Note that to install the `blsp` package using your local computer, you need to also install the software [Just Another Gibbs Sampler (JAGS)](https://sourceforge.net/projects/mcmc-jags/files/). Don't worry about the software, we need to install it but `blsp` will handle how to use it, we don't!
```{r eval=FALSE}
devtools::install_github("ncsuSEAL/Bayesian_LSP", build_vignettes = FALSE)
```
No need to understand the details of the following code chunk except that it will give us phenological dates from the satellite observations. It will take some time for the model to run.
```{r}
library(blsp)
avgfit <- FitAvgModel(
date_vec = evi2_dt$Date,
vi_vec = evi2_dt$evi2,
model = "dblog7"
)
blsp_fit <- FitBLSP(
date_vec = evi2_dt$Date,
vi_vec = evi2_dt$evi2,
model = "dblog7",
init_values = avgfit,
start_yr = 1991,
end_yr = 2023,
cred_int_level = 0.95,
opt = list(method = "threshold"),
verbose = TRUE
)
```
```{r fig.width=10, fig.height=6}
PlotBLSP(blsp_fit)
```
```{r}
phenos <- blsp_fit$phenos
gsl_dt <- phenos[, .(year = as.integer(Year), GSL = Dormancy - Greenup)]
plot(gsl_dt[, .(year, GSL)], type = "b")
```
### Eddy-covariance GPP measurements
Now, we load annual gross primary productivity (GPP) data measured by the EMS flux tower.
```{r fig.width=10, fig.height=8}
gpp_dt <- fread("data/us-ha1_annual_gpp.csv")
par(mfrow = c(2, 1))
plot(gsl_dt[, .(year, GSL)], type = "b")
plot(gpp_dt[, .(year, GPP)], type = "b",
ylab = expression(GPP~(umol / m^2 / year))
)
```
### Linear regression
Now, we will fit a linear regression model to investigate the relationship between annual GPP and growing season length.
```{r}
# Merge the data together
com_dt <- merge(gsl_dt, gpp_dt, by.x = "year", by.y = "year")
head(com_dt)
```
Fitting a linear regression in R is very simple, just use the `lm()` function, and the `summary()` function can give us the statistics of the model fit:
```{r}
mod <- lm(GPP ~ GSL, data = com_dt)
summary(mod)
```
```{r fig.width=5, fig.height=5}
plot(com_dt[, .(GSL, GPP)], pch = 16, bty = "L")
# Draw the linear regression line
abline(mod, col = "blue")
# Plot the R^2 value using the legend function
r_sqr <- round(summary(mod)$r.square, 2)
legend("topleft", bty = "n", legend = bquote(R^2 == .(r_sqr)))
# Also plot the p-value
f <- summary(mod)$fstatistic
p_val <- pf(f[1], f[2], f[3], lower.tail = FALSE)
legend("topleft", bty = "n",
legend = paste("p-value: ", formatC(p_val, format = "e", digits = 2)),
y.intersp = 3 # Note this line!
)
```
Note this is a oversimplified analysis! In the real world, we should look closely to the model fit and the outliers to make sure the mathematical assumptions of linear regression are satisfied.

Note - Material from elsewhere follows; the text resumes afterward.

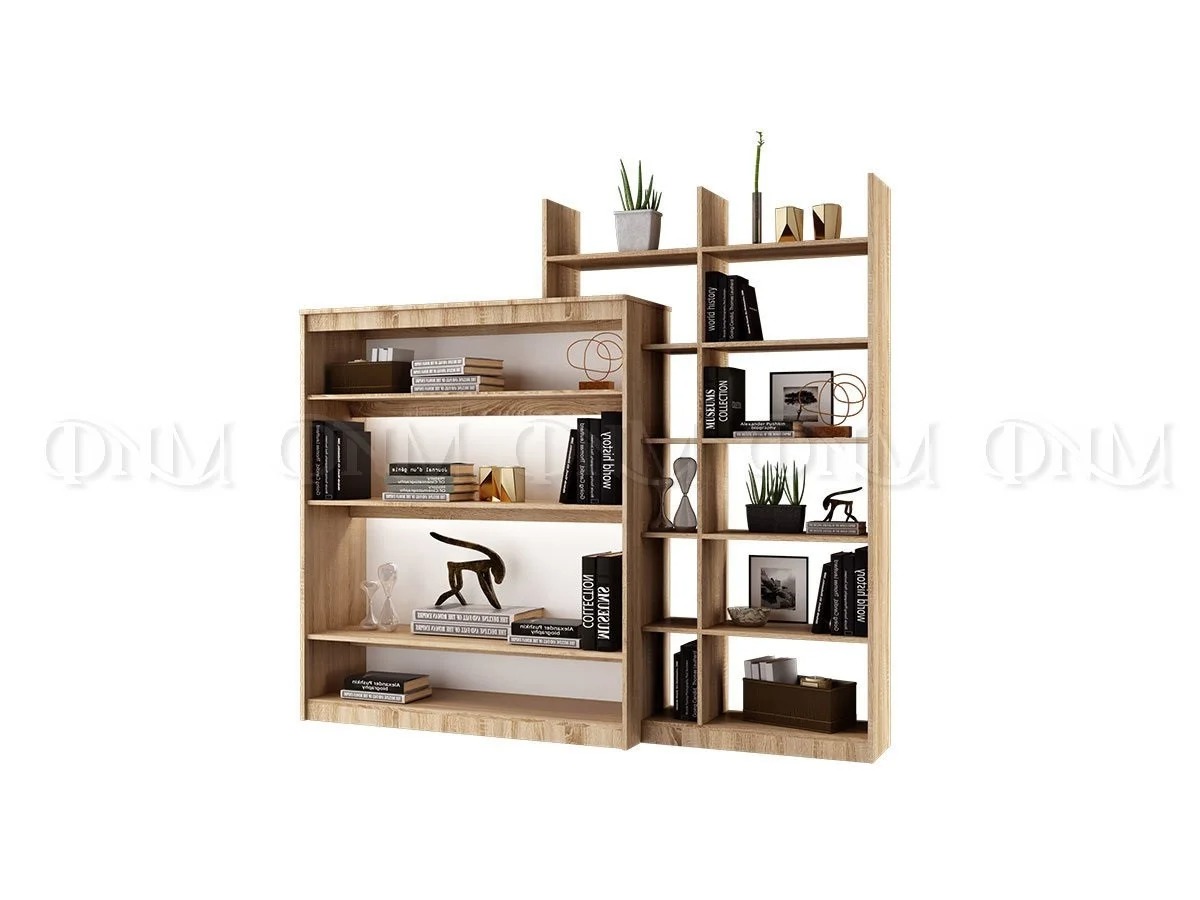 В комплект входит два вместительных шкафа, тумба ТВ, витрины и полки.

## 3. Github for open science
Reproducibility is CRITICAL in science (https://www.nature.com/articles/d41586-019-00067-3). Get your code version controlled not only facilitates reproducibility but also helps you understand and reuse your code in the future.
### Useful resources
- Git: https://www.git-scm.com/
- GitHub: https://github.com/
- Reproducible Research with R and RStudio: https://englianhu.wordpress.com/wp-content/uploads/2016/01/reproducible-research-with-r-and-studio-2nd-edition.pdf
-
### Some commands
```
# Init the Git repository
git init
# Add README.md to the Git repository
git add README.md
# Add all files to the respository
git add .
# Commit changes
git commit -a -m "Create README"
# Display status
git status -s
# Check history of commits
git log
# Checkout a branch
git checkout -b newbranch
# Git clone
git clone
```
### Life saving coding tips
- Always put space between operators to increase readability: `a <- 1` not `a<-1`.
- Don't write very wide lines (80-85 characters max per line).
- Name variables with meanings.
- Write clear and concise comments when necessary.
- Create small scripts to organize project structure and use functions to organize script structure.